Supplied information:
::::::::::
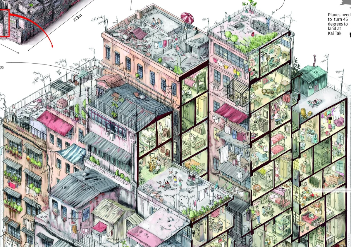 К 1987 году на каждый квадратный метр китайского микрорайона приходилось по полтора человека, сделав Коулун самым густонаселенным местом Земли.
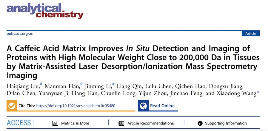 (质谱成像与代谢组学国家民委重点实验室)王晓东教授团队在MALDI-MSI蛋白质原位检测及成像表征新型基质研究领域取得了又一重要进展。相关研究成果以“A Caffeic Acid Matrix Improves In Situ Detection and Imaging of Proteins with High Molecular Weight Close to 200,000 Da in Tissues by Matrix-Assisted Laser Desorption/Ionization Mass Spectrometry Imaging”为题,发表在分析化学顶级期刊《Analytical Chemistry》(Nature Index收录)上,该研究论文同时被遴选为期刊封面文章。蜜桃导航
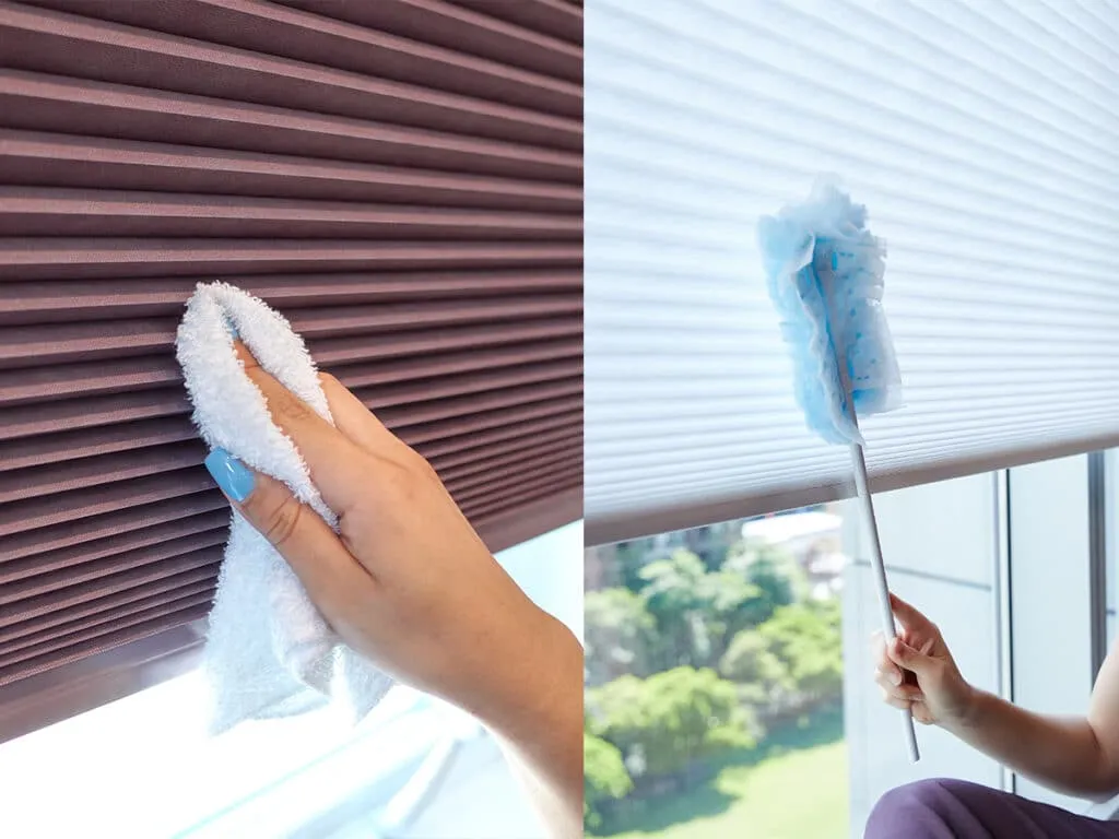 - Use a feather duster or microfiber cloth to frequently dust wood blinds to avoid accumulation.
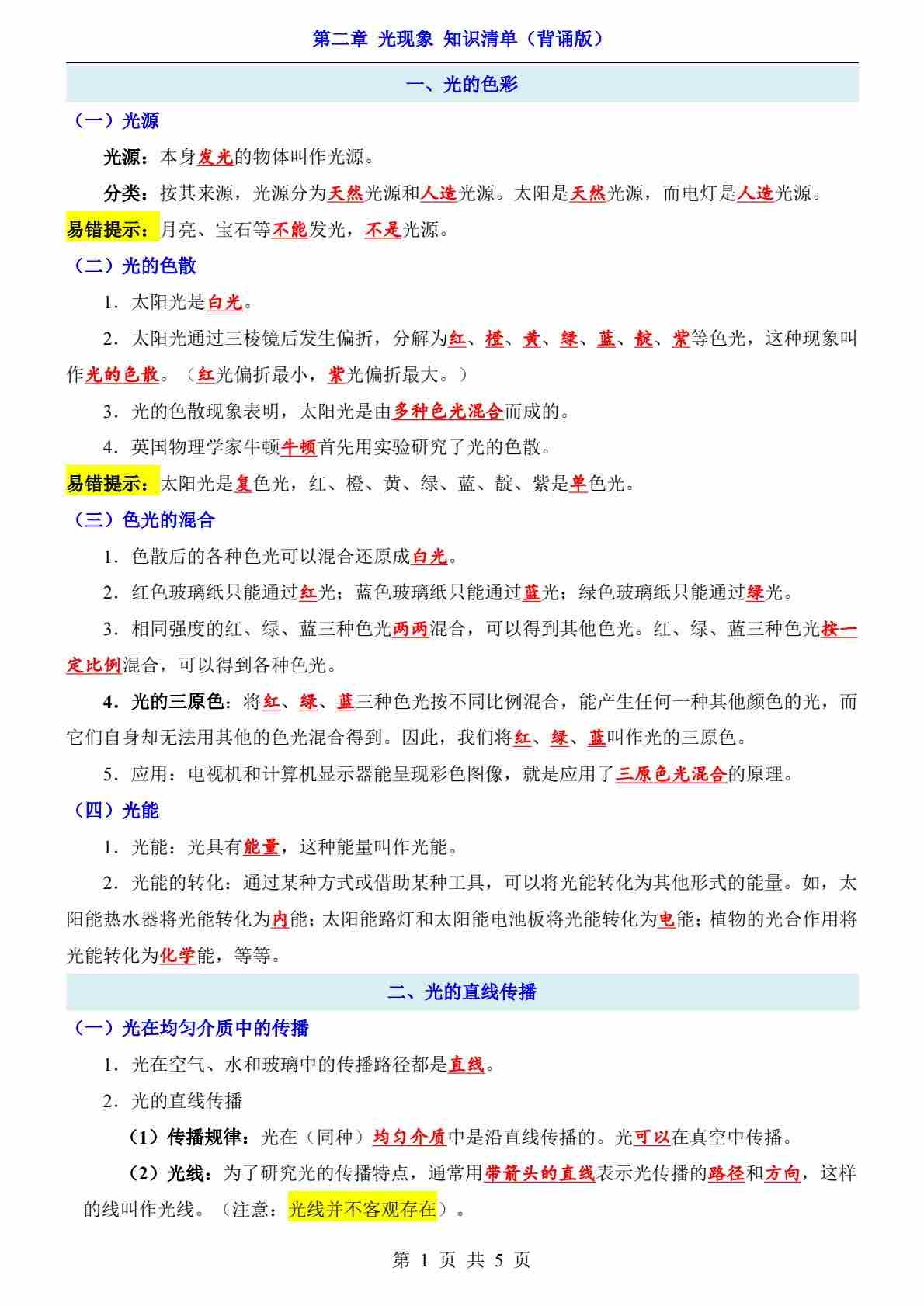第2章 光现象(知识清单-背诵版)
::::::::::
Problem to work on: Leaving every image behind, repeat the data in full and exactly.

Response area:
 К 1987 году на каждый квадратный метр китайского микрорайона приходилось по полтора человека, сделав Коулун самым густонаселенным местом Земли.
 (质谱成像与代谢组学国家民委重点实验室)王晓东教授团队在MALDI-MSI蛋白质原位检测及成像表征新型基质研究领域取得了又一重要进展。相关研究成果以“A Caffeic Acid Matrix Improves In Situ Detection and Imaging of Proteins with High Molecular Weight Close to 200,000 Da in Tissues by Matrix-Assisted Laser Desorption/Ionization Mass Spectrometry Imaging”为题,发表在分析化学顶级期刊《Analytical Chemistry》(Nature Index收录)上,该研究论文同时被遴选为期刊封面文章。蜜桃导航
 - Use a feather duster or microfiber cloth to frequently dust wood blinds to avoid accumulation.
第2章 光现象(知识清单-背诵版)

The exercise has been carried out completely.